Uncle Bob has a point. It’s not just about fast tests: separating concerns in order to promote changeability in code is a useful skill to learn.
Tom Stuart has a point. TDD is a useful tool because it gives you another client for your code, encouraging us to think harder about what it’s doing.
Seb Rose has a point. We need to learn how to use TDD (or indeed any tool) well before giving up on it.
Cory House has a point. People display their own biases in their opinions and we should learn from them all.
How to decide whether a software tool is right for you
It doesn’t matter whether it’s TDD, Vim, Git, Refactoring, OO, Functional programming, JavaScript, RubyMotion, etc. Follow the following advice repeatedly, substituting your own values:
If you haven’t tried tool X, give it a go. Many have found it helpful in areas Y and Z. Some have also found it applicable in areas A and B, but your mileage may vary. Some don’t get on with it, and a few hate it and say no-one should use it. Learn it properly before making any final decision about its usefulness to yourself and others.
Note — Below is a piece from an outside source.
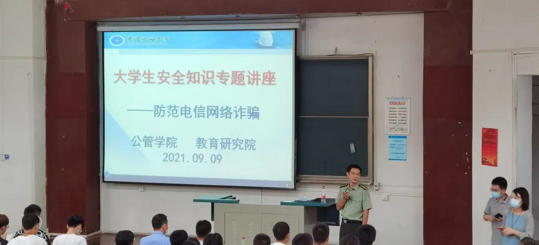 2021年9月9日上午,老员工安全知识专题讲座在教一楼一阶教室顺利举行。本次讲座特别邀请了喻家山派出所二级警官王东、安全保卫部副部长彭冠军和治安一科科长田汉幸、科员张伟。公司党委副书记刘国华、团委副书记李姝慧、研究生辅导员王青涛,21级全体本科生和21级部分研究生同学参加了本次讲座。

This will take <an amount of days/months/years> to do. Continue using it as long as it’s helpful to you.
There are as yet very few absolutes with software tools - we’re still way too primitive in our discipline for many of those. Let’s learn how to use as many tools and skills as possible, and use the right ones for the job. Let’s not decry the tools, skills and techniques of others if they are useful to them: let’s instead spend our energy actively seeking new skills and tools to further our discipline.